In February of 2024, I visited the Library of Congress, but I couldn’t secure a reservation to see the original text, so I resorted to an online purchase of a first edition, and it registers as ½ inch thick miniature plain-styled book that is about 5 by 7 inches when lying flat. Since the days of the Gutenberg Project, this memoir is easily accessible via the University of North Carolina at Chapel Hill’s website for all to read, but having the actual book, the one my grandmother wanted in my hands was as conflicted a feeling as I had when I was looking for it—when I received the book, the seller’s invoice was marked with two flags crossed: one Confederate emblem flag, the other an American flag. I would learn in the previous year that when searching my family in any graveyard from South Georgia to South Carolina, there would be a Confederate flag, signaling me to their locations like some obscene Confederate GPS.

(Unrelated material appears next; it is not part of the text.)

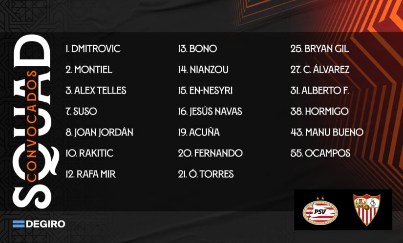 La lista completa de 20 jugadores que han viajado a los Países Bajos para intentar hacer bueno el 3-0 del encuentro de ida disputado el pasado jueves en el Ramón Sánchez-Pizjuán la conforman: Bono, Dmitrovic, Alberto Flores; Jesús Navas, Gonzalo Montiel, Tanguy Nianzou, Diego Hormigo, Marcos Acuña, Alex Telles; Fernando Reges, Joan Jordán, Manu Bueno, Ivan Rakitic, Óliver Torres, Lucas Ocampos, Suso Fernández, Bryan Gil, Carlos Álvarez, Rafa Mir y Youssef En-Nesyri.
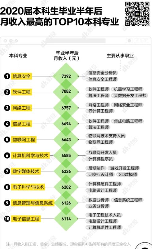 其中,信息安全和軟件工程的畢業(yè)生起薪最高,畢業(yè)半年后的月收入都超過(guò)7000元。

Making space for something is a vague set of words, and I hear these words often. There is making space in the physical realm, as I was trying to do with this new Tetris-styled move-in-move-out office rearrangement, but there is the metaphysical way of making space that is much more difficult to articulate. In years past, I didn’t exactly not want to piece together the fragments of my ancestors’ belongings and lives, but all the years before, the time I allowed for these fragments, were just that—fragments of time with very few anchors or slips in a port where intricate knots are required. And anything I gleaned back when I interviewed relatives in my mid-twenties produced new fragments of paper or writings on the back of framed photographs and didn’t register with me. I had recorded terms like “Peru Plantation,” “Walthourville,” and “Harris Neck,” all foreign places even when I asked, “Now where is this?” I couldn’t mentally piece together the threads, a story here, a story there—all their belongings, photos, silver, art, jewelry, scribbles, letters, and furniture were sitting in my home, vaulted and locked. Making space for these things meant I was going to open the vault, call a family meeting, and make inquiries of my ancestors, most dead. Those who might appear, and I, could now have a deep conversation.